Improvement: Use Cython for Speed
See original GitHub issueHaving written a LALR parser for my language (https://github.com/eddieschoute/quippy) it still takes many seconds to parse a file of 100k LOC. One benchmark It takes very roughly 2m20s to parse a 600kLOC input file that I have, which is slow in my opinion. One straightforward improvement that I can think of is to use Cython to generate a C-implementation of the LALR parser. Most of the time seems to be spent in the main LALR parser loop, which can be significantly sped up by Cython. I would also be open to other suggestions to improve the parsing speed.
Since specifically the LALR parser is meant to compete in speed, I think it would be worth exploring the possibility of pushing this parser to its limit. Hopefully, converting the code to Cython code will be fairly painless and from there it just remains to optimize the functionality.
I do not know how the standalone parser will be affected by this, but I can image that instead of generating py
files it should instead generate a pyx
file that can be cythonized.
Issue Analytics
- State:
- Created 5 years ago
- Reactions:2
- Comments:29 (24 by maintainers)
Top GitHub Comments
I’ve put together a repo with the experiments at https://github.com/drslump/lark-lexer-experiments
It compares the current lexer implementation based on building a regexp with the different token expressions with the re2c based finite-state-machine bytecode generation and a C extension.
The finite-state machine approach is surprisingly good providing a ~50% speed up over the regex one. The C extension is obviously faster with a 300% speed up, but it can go up to 500% if it consumes all the tokens and returns a list when it’s done.

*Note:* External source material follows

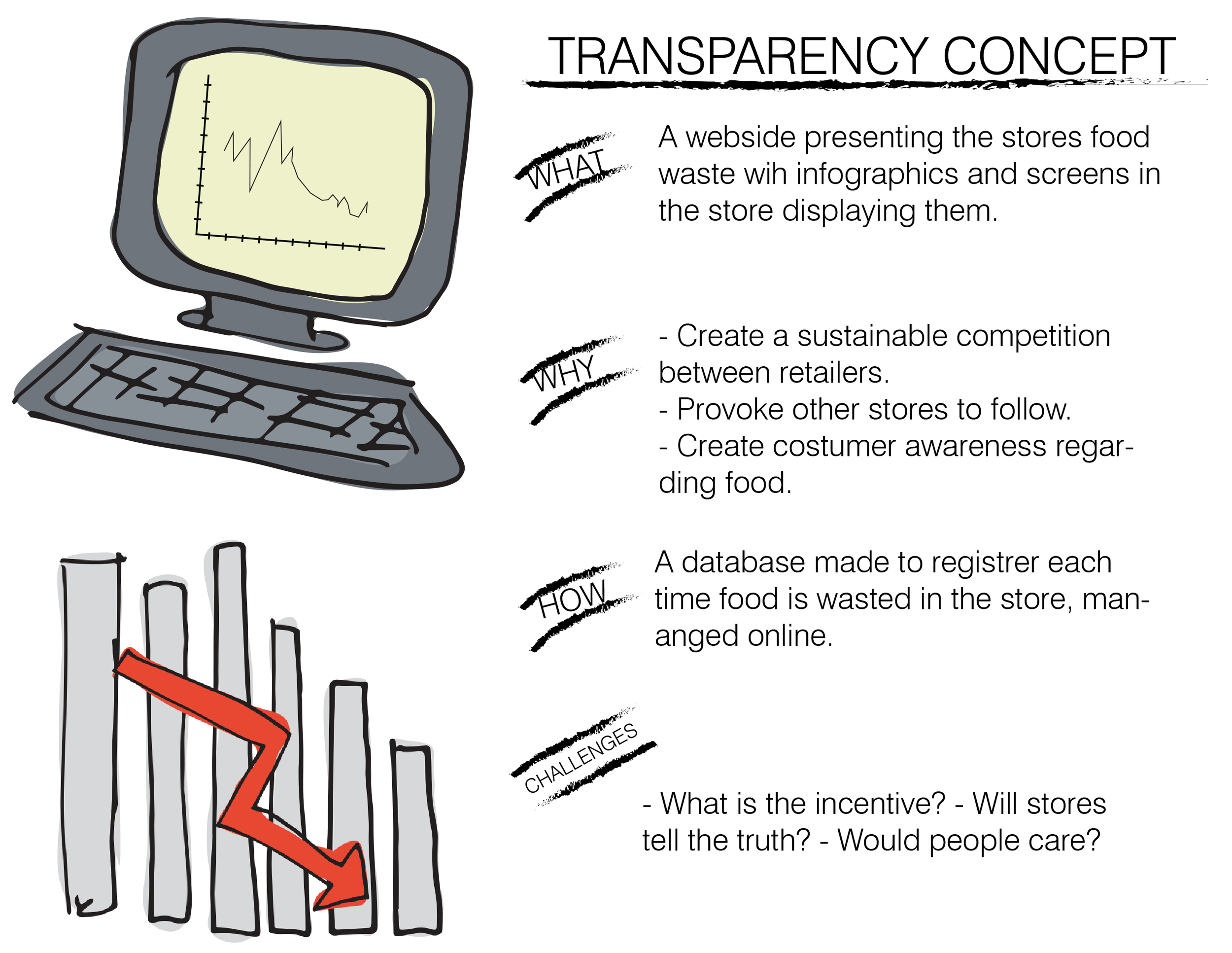 A timer of 2-3 minutes was set for each brainstorm of the chosen problem areas. It was agreed that each of us should try to create both an experimental concept and a more feasible concept for each brainstorming process. When the time ran out, each participant was to elaborate their concepts while putting them up on the whiteboard. Each of us got 2 votes for each problem area solution and the concepts with the most votes were selected to be iterated in a new development process. This led us to create 4 different concepts which had the potential to be implemented at the ALDI store.

Overall I think that relying on
re2c
to generate a high performant lexer is a good approach, it’s an extra dependency but it produces very fast lexers. The FSM approach requires a preprocessing step but the result is platform independent, so it can be shipped with the code without requiring any compilation. Of course that for the highest performance the C extension is the way to go.The only big piece missing, besides handling unicode correctly, would be to implement the transform from the perl flavour regexes used in Lark grammars to the format understood by
re2c
. Not all regexes could be transformed though.By the way, if someone could try it on Pypy I’ll appreciate it, I can’t seem to install it on my laptop for some reason. I’m eager to see the results, if the FSM function is elegible for its JIT (it’s kind of big so not sure if they skip based on size), the performance should be really close to the C extension.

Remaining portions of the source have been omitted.